For its part, the French Young Farmers union (JA) recently met in Colmar to discuss a possible post-2020 Common Agricultural Policy (CAP). According to Jérémy Decerle, president of the JA, "Neither the CAP nor Europe defend farmers as well as other countries, like the United States and Brazil (...) The CETA is the opposite of what we should be doing. This agreement was negotiated in secret and made food an adjustable variable. We continue to use agricultural products in our negotiations for fighter jets, but food is a basic necessity. Just like what happened with TAFTA, people are fiercely opposed to the use of growth hormones and GMOs, but Europe, through this treaty, will force them on us,” he said in an interview with the AgraPresse this week.

The same issue of AgraPresse also mentions the European Commission’s views on the consequences for agriculture of the multiple free trade agreements which it has negotiated, with a mandate from member countries. Regarding beef and veal, the Commission recognizes that these agreements will lead to “a fall in prices, in the European Union, and in production over the long-term.” Likewise, European rice production is also "one of the most susceptible sectors", the Commission acknowledges. The rice producers of the Camargue and their Italian colleagues already know this through painful experience. The Commission has also confirmed that production of meat products, such as poultry and sheep, and sugar might be “confronted with stronger imports, with an indirect impact on production levels and prices”.

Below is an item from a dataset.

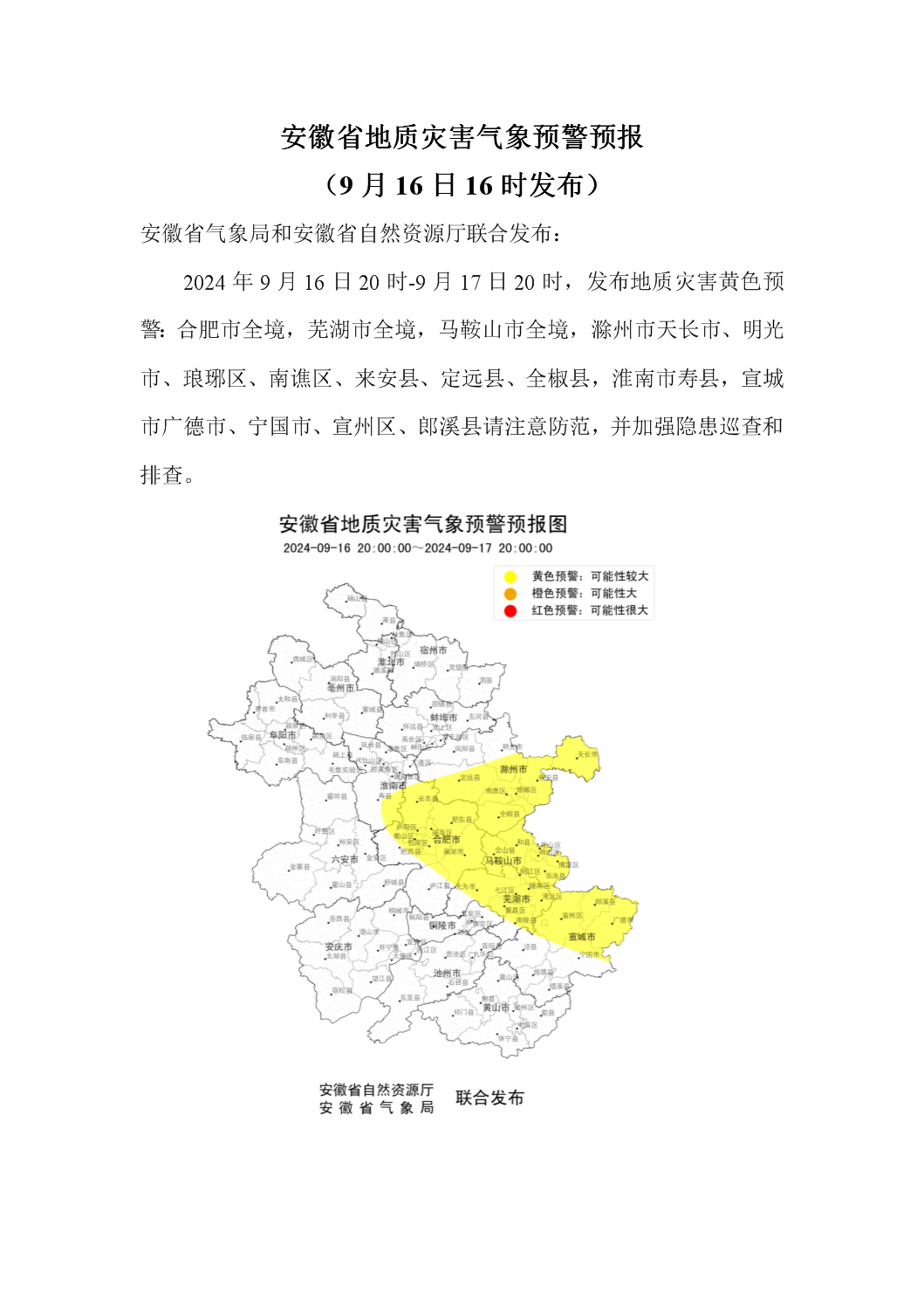 2024年9月16日20时-9月17日20时,发布地质灾害 黄色预警 :合肥市全境,芜湖市全境,马鞍山市全境,滁州市天长市、明光市、琅琊区、南谯区、来安县、定远县、全椒县,淮南市寿县,宣城市广德市、宁国市、宣州区、郎溪县请注意防范,并加强隐患巡查和排查 。

Broadly speaking, the European Commission has openly recognized that it will not defend European farmers and, at the same time, has renounced any concept of food sovereignty - as long as trade agreements, such as CETA, TAFTA and the agreement to be negotiated with the Mercosur member states, allow a few European firms to succeed. In addition to sacrificing farmers and food sovereignty, a document recently came to light which gave the Ministers of Agriculture of the 28 member states some information on the underpinnings of the Mercosur agreement negotiations. Ireland then began worrying about the consequences for the beef and veal sector, Italy for rice. France was content to call for vigilance, with no further details. A form of acceptance which is unacceptable. None of the right-wing candidates denounced this fool’s game, which speaks volumes about their irresponsible attitudes.

While the price of milk, various meats and cereals remains low in France and Europe because of global overproduction in the face of actual demand, negotiating new free trade agreements that are ruinous to farmers around the world amounts to an active, and most likely unconscious, campaign that will result in food insecurity and famine in the near future.